Network Security Internet Technology Development Database Servers Mobile Phone Android Software Apple Software Computer Software News IT Information

In addition to Weibo, there is also WeChat

Please pay attention

WeChat public account

Shulou

What is the function of the internal data structure sds in Redis

2025-01-31 Update From: SLTechnology News&Howtos shulou NAV: SLTechnology News&Howtos > Database >

Share

Shulou(Shulou.com)05/31 Report--

Redis what is the role of the internal data structure sds, many novices are not very clear about this, in order to help you solve this problem, the following editor will explain in detail for you, people with this need can come to learn, I hope you can gain something.

Data structure definition of sds

We know that in C, strings are stored in an array of characters ending with the'\ 0' character (NULL Terminator), usually expressed as a character pointer (char *). It does not allow byte 0 to appear in the middle of the string, so it cannot be used to store arbitrary binary data.
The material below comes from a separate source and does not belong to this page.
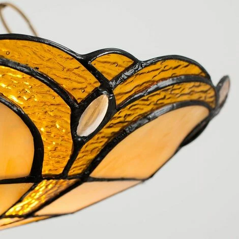 Pair of Tiffany style jewelled uplighter ceiling pendant light shades in an amber stained glass finish. Ideal for use in living rooms dining rooms hallways bedrooms and more.
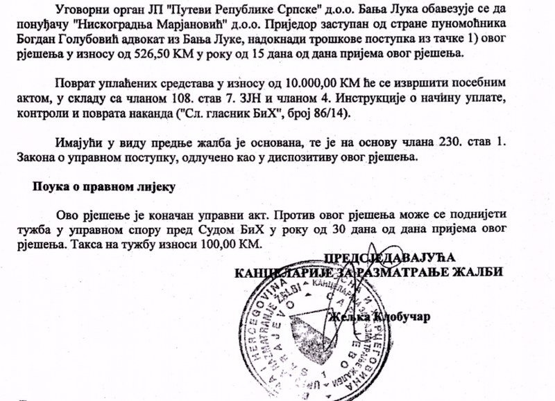 Na taj ugovor žalila se firma “Niskogradnja Marjanović”, koja je za iste poslove imala za 12 miliona KM manju ponudu.

We can find the type definition of sds in sds.h:

Typedef char sds

Someone must be confused that sds is synonymous with char? As we mentioned earlier, sds and traditional C language strings keep type compatibility, so their type definitions are the same, both char. In some cases, where you need to pass in a C language string, you can actually pass in a sds. However, sds and char are not the same. Sds is Binary Safe, it can store arbitrary binary data, can not be like the C language string with the character'\ 0' to identify the end of the string, so it must have a length field. But where is this length field? In fact, sds also contains a header structure:

Struct _ attribute__ ((_ packed__)) sdshdr5 {unsigned char flags; / * 3 lsb of type, and 5 msb of string length * / char buf [];}; struct _ attribute__ ((_ _ packed__)) sdshdr8 {uint8_t len; / * used * / uint8_t alloc; / * excluding the header and null terminator * / unsigned char flags; / * 3 lsb of type, 5 unused bits * / char buf [];} Struct _ _ attribute__ ((_ _ packed__)) sdshdr16 {uint16_t len; / * used * / uint16_t alloc; / * excluding the header and null terminator * / unsigned char flags; / * 3 lsb of type, 5 unused bits * / char buf [];}; struct _ attribute__ ((_ _ packed__)) sdshdr32 {uint32_t len; / * used * / uint32_t alloc; / * excluding the header and null terminator * / unsigned char flags / * 3 lsb of type, 5 unused bits * / char buf [];}; struct _ attribute__ ((_ packed__)) sdshdr64 {uint64_t len; / * used * / uint64_t alloc; / * excluding the header and null terminator * / unsigned char flags; / * 3 lsb of type, 5 unused bits * / char buf [];}

There are five types of header in sds. The reason why there are five is to enable strings of different lengths to use header of different sizes. In this way, short strings can use a smaller header, saving memory.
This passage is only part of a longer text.